R ight when i get used to morning coffee with these friends,
o rganizing kick-offs and high-fives, a summer ends, and my
n otebook must turn another page. But I remember her branches –
e verything from a sage upon the stage -
s o what if they lose their leaves and age?
o r if they sprinkle ice blades over winter’s rage? Because the
n ext thing we know, every tree buds again in full-bloom everything.
B ryan, another word-play of madness, (summer sadness)
e volving exactly as it should in the mental
c acophony of spastic history seeking hopeful serenity
a nd trying to avoid chaotic anarchy, as always,
u biquitously, while residing in (a
s ide note) a poem – besides, I find comfort in
e volving and solving, I roam, what I have to say in text.

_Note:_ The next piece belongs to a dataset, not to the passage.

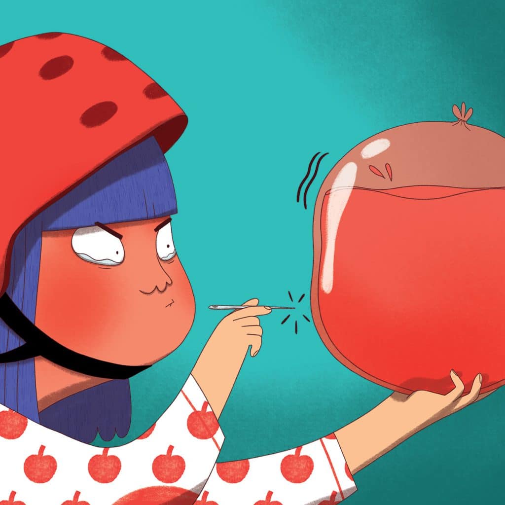 Vous illustrez Les ballons d’eau, album signé Sarah Degonse à La Bagnole qui parle d’hypersensibilité, le tout imagé par des ballons représentant les émotions. Quel a été le plus grand défi lié à l’illustration de cette histoire tout en métaphores?

o h, great. another summer must
f lutter south with Monarchs and lightening bugs. Vexed,
w e find ourselves at a last, hexed, by the
h oorah for now -
o r we can use our time together for additional pow
w ows some time soon. Yes, we all
e xist on Golden Ponds and must listen to the loon’s call
a rriving with their say about the world. We are the
r ivers, the lakes, the oceans, swirled in the in-
e vitability of our water cycles and routines. We are the watersheds &
t his is how i row, ya know? hoping to earn educational street-creds,
o rganizing ideas with others (perhaps needing meds),
g rant-writing and project-seeking (no matter how much time dreds)
e levating possibilities through State government and
t he Feds, all so this growing is made possible.
h ello. i want to introduce myself. i’m a quirky fellow who finds
e ntertainment in finding who I can be, only to
r ealize I am nothing without ‘who we are together.’ Us. Thank you.